# Crystal Shrimps breeding updates (shrimplets are out!)



## wil_son (Apr 24, 2010)

Hi all,

Just wanted to open a new thread after the bca's crash and to annouce that....There's finally shrimplets (30 to 50) in my breeding tank (However, I am afraid some of the females were already "fertilized" before they were introduced to this tank.)

However, some of these shrimplets are very stunning. Especially with this crystal black! It's so camera shy it took me days before it came close enough for me to take a clear shot.

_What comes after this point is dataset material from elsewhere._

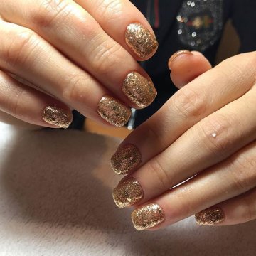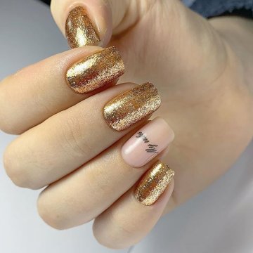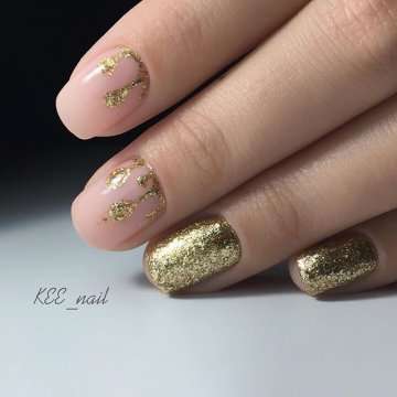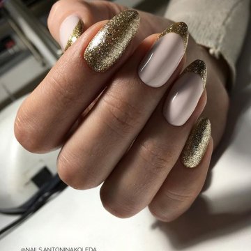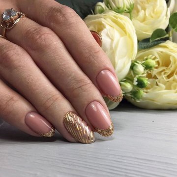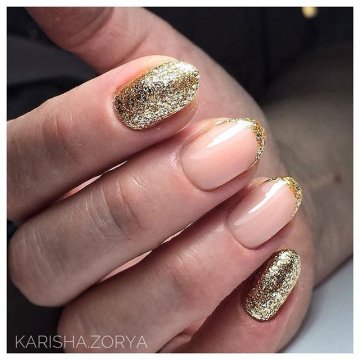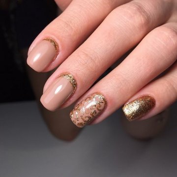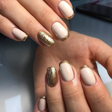 Любительницы лаконичного, нежного оформления чаще всего используют бежевый оттенок для основного покрытия. Кто-то считает такой маникюр слишком простым и скучным. В таком случае золотистые блестки будут идеальным украшением. Полоски, оттиски, геометрические детали или же полное покрытие – это лишь малая часть того, как именно можно оформить ноготки.

PS: Sorry I lost all pms from members who wanted to get some shrimps from the crash. So just send me a pm again


----------



## MananaP (Apr 22, 2010)

That is a very beautiful crown CBS Wilson, thank you for sharing.


----------



## Tn23 (Apr 21, 2010)

That is a very beautiful CBS! Share more pictures of your shrimp and setups


----------



## Shrimpgirl (Apr 21, 2010)

Beautiful CBS.


----------



## fraggalrock (Apr 21, 2010)

Very stunning shrimps!


----------



## Guest (May 12, 2010)

Those are really NICE!!!


----------



## slee (Apr 21, 2010)

Very nice!!!


----------



## plantedinvertz (Apr 21, 2010)

Wow! They look Awesome!


----------



## effox (Apr 21, 2010)

how much $$$?


----------



## shrimpman (Apr 23, 2010)

Nice crown.


----------



## puffy (May 3, 2010)

Nice pics and colorful shrimps. What is in your setup to get them in such great condition?


----------



## wil_son (Apr 24, 2010)

Hey thanks everyone for all the comments!!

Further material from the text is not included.